ホームランどころかヒットさえ途絶えてしまっていた。4タコの試合もあった。三振が少ない松井選手が連続三振という屈辱的試合も体験している…。どこからでもホームランが飛び出すヤンキースと違って、4番頼りのチーム作りをしているエンジェルスにあって、彼の不調はチームの勝敗と連動していた。
昨年までエンジェルスの4番だったゲレーロ選手は移籍したテキサスレンジャースで大活躍。打率.330程度をキープして、チームは西地区では首位。それを知らないLAAのファンはいない…。
昨年のワールドシリーズMVPの勲章を持って、期待されて入団した松井選手の不調には、外野はあれこれと騒がしい。
おそらく、これほどの不調は日本でもなかったほどだろう…。

しかも、今日の相手は先日完全試合達成のブレーデン投手。最近のエンジェルスの力から見ても、勝利を予想するのは難しかった。LAAの先発は今季まだ1勝しかあげていないソンダース投手。
ソンダース投手は、バッタバッタと三振を奪う投手ではない。投げ分けて、打たせて取る投手だ。昨年は16勝して、負けは7つしかない。しかし、今季すでに負けは5つ付いている。先発の柱だが、どうも調子が上がらない…。
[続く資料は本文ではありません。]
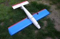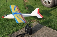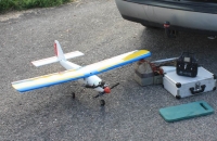 Aneb ať děláš co děláš osudu neutečeš. Když se na modelbazaru objevila nabídka viz první dvě fotografie, vzpoměl jsem si opět na pohodové a plnohodnotné létání s tímto modelem, viz foto 3, byť tehdy bez křidélek a nebylo to poprvé. Před časem se mi dostala do rukou stavebnice, ale stále jsem se nemohl dostat k tomu model postavit, a tak jsem jej nakonec prodal a nový majitel si Trenéra postavil velice pěkně, o čemž se zde můžete také přesvědčit. No nakonec jsem se s prodávajícím dohodl, že mi model nechá na Vodolce u příbuzných a já až tam budu mít cestu si jej odvezu. Takže vlastně taková koupě zajíce v pytli, ale vzhledem k ceně jsem to risknul s vědomím, že jsem již v životě přišel o víc. Nicméně když se mi model konečně dostal do rukou, byl jsem vcelku mile překvapen jak zpracováním, tak celkovou zachovalostí modelu. Křídlo bylo na každé polovině vylehčeno třemi velkými otvory, trochu je to vidět zejména na druhé fotografii, a ocasní plochy byly z balsových lišt pouze potažené folií, takže také lehčí než původní z polystyrenu potaženého dýhou. Tady bych chtěl prodávajícímu poděkovat. No, po vzevrubné prohlídce jsem došel k tomu, že je potřeba namontovat řiditelnou přední podvozkovou nohu, větší nádrž, zvětšit hloubku křidélek o cca 10 mm, a zmenšit mezeru mezi křidélky a křídlem o cca 3mm. To samé udělat i u směrovky. Při zkoušce montáže motoru pak ještě vyplynula potřeba vyosit motor poněkud doprava. No a tak jsem se do toho pustil. Z křídla jsem odřízl 15 mm a vlepil 5mm balsu. Vyhobloval jsem nová křidélka a náhony udělal jako torzní se servem zespodu. Nárž je uložena v laminátové trubce a tak jsem při představě jak to budu kuchat opustil myšlenku na 15-ti minutové lety. Také směrovku jsem nakonec nechal původní, neboť jsem si říkal, že křidélka mi s problémem pomohou a úpravu směrovky je možné udělat kdykoliv dodatečně, pokud by se to ukázalo nezbytné. Po dokončení se váha zastavila na cca 2040 g. V modelu je zdroj z pěti tužek AA. Vzhledem k tomu, že je jimy model vyvážen je zbytečné používat lehčí zdroj, protože bych musel přidat olovo. Těžiště mi vyšlo v cca 29% SAT a to mi intuice říkala, že je to akorát. Hledat plán ani počítat se mi nechtělo. Plošné zatížení vychází 65g/dm2, což je stále ještě snesitelná hodnota. Horší je to s hmotností na jednotku výkonu, takže bylo jasné, že nějaký vyšeptaný motor nemá šanci. Namontoval jsem 3,5-ku Brno, s tím, že může být nahražena 4,6-kou, No a to je k stavbě tak asi vše.

先発投手陣も、4番までも不安が残ったままのエンジェルスだったが…。

試合展開は、今までの不調はなんだったのか、と唖然とするほどの「横綱試合」ではないか。
ソンダース投手が安打を許したのは4本だけ。二塁を踏ませたのは1度だけ。完璧にオークランド打線を押さえ切ってくれた。

そして、圧巻。
待望の松井選手の3ランホームランが飛び出してのが、6回裏だ。
6回に久々にエンジェルスらしい攻撃が始まった。打順は1番アイバー選手から。


打線を組み替えて、5番に下がったケンドリー君がレフト前へ。二塁にいた俊足アイバー選手が余裕のホームインして、均衡を破る。
LAA 1-0 OAK

そして、この日6番に下がった不振の続いた松井選手が打席に立った。
ランナーは二塁にアブレイユ選手と一塁にはケンドリー君。完全試合のブレーデン投手が投げたインサイドから落ちてくる変化球をバットを真上から振り払うように、豪快に叩いた。
白球は快音が響く夜空に高々と上がって行くではないか!
観客はその球を見上げて、大歓声。一斉に立ち上がる…。
ライト席へ。美しい放物線を描いた白球はそのままスタンドに消えていった。
大歓声だけが響き渡る球場で、松井選手が久々の「あの」感触を味わうかのようにダイヤモンドを一周している。

5号3ラン!

今日の勝利は、大きい。まだまだ借金経営のチームだが、数字をあげてくれる有能な「営業マン」がこうして復活してくれれば、チーム経営の黒字は間近い。明日の打順はまさか6番ではあるまい…と予想したが、どうか。

さあ、いよいよ明日だ、あしたこそ!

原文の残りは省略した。